We are aware of audio issues in Vincents talk and are working on providing subtitles as a replacement.

Arvid E. Picciani (https://github.com/aep)

Application container deployment for the Internet of Things with Rust

Solving containerization on very constrained devices will enable a new way we deliver system updates to embedded systems. We'll learn about one possible approach with korhal's bolter and how it ties into the interplanetary hash router to deliver content addressable system updates to microcontrollers anywhere, without a cloud.


Arvid is a controversial break-the-whole-box-thinker getting hired to put Linux on stuff where Linux would prefer to not be with deadlines you'd prefer to not have. He's currently CTO of superscale networks and Founder of korhal.io, an organization dedicated to liberating IoT and preventing consumer lock-in.


Vincent Esche (https://github.com/regexident)

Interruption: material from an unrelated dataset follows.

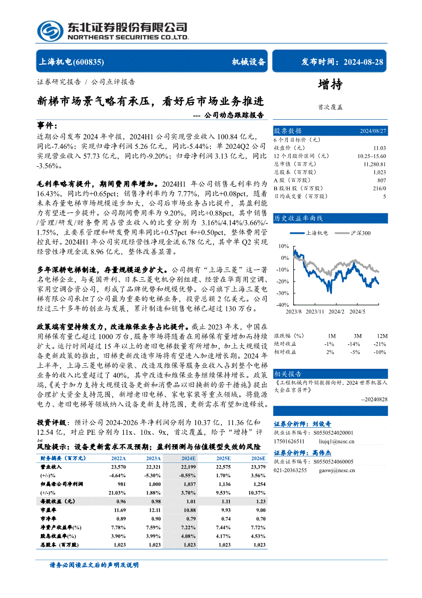上海机电:东北证券-上海机电-600835-公司动态跟踪报告:新梯市场景气略有承压,看好后市场业务推进-240828

rspec and what it takes to make a BDD test framework in stable Rust

While the existence of native language-level support for unit testing in Rust is a blessing, classical JUnit-style unit testing can feel a bit antiquated at times. You. Just. Keep. Repeating. Yourself. This is where BDD frameworks come in with their shared scopes and user-friendly matchers. Rspec's aim is to provide the BDD testing experience to Rust without the need to bend over backwards or drink the nightly kool-aid. Tests should be just as stable as the rest of your code, if not more. After all who tests your tests if those break?


A mobile dev lead writing Swift at an emerging fitness/health and IoT startup in Berlin by day, and Rustacean by night, Vincent authored cargo modules and rustfmt's comprehensive configuration guide and is currently working on a modern and extensible Support Vector Machine implementation in Rust.